REQUIRED ACTION: Could you set down the listing below exactly and omit its images?

GIVEN INFORMATION:
[Start of section]

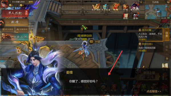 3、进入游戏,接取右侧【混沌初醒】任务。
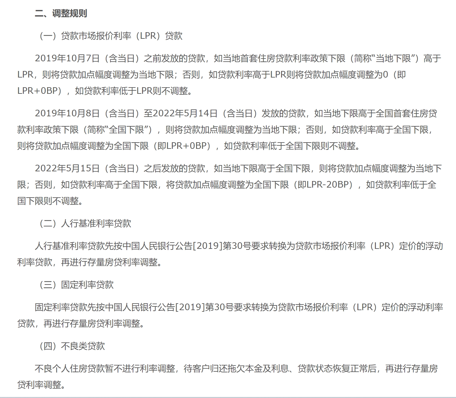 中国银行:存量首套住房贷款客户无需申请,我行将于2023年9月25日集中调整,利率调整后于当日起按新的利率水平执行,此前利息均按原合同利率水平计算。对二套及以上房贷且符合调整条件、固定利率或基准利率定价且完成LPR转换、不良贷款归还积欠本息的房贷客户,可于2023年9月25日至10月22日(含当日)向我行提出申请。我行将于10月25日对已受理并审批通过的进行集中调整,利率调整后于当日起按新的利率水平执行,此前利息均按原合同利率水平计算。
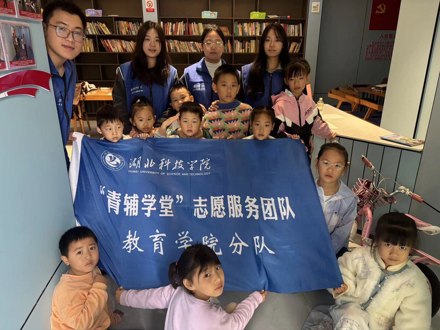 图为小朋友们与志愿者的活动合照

[End of section]

THE ANSWER:
 3、进入游戏,接取右侧【混沌初醒】任务。
 中国银行:存量首套住房贷款客户无需申请,我行将于2023年9月25日集中调整,利率调整后于当日起按新的利率水平执行,此前利息均按原合同利率水平计算。对二套及以上房贷且符合调整条件、固定利率或基准利率定价且完成LPR转换、不良贷款归还积欠本息的房贷客户,可于2023年9月25日至10月22日(含当日)向我行提出申请。我行将于10月25日对已受理并审批通过的进行集中调整,利率调整后于当日起按新的利率水平执行,此前利息均按原合同利率水平计算。
 图为小朋友们与志愿者的活动合照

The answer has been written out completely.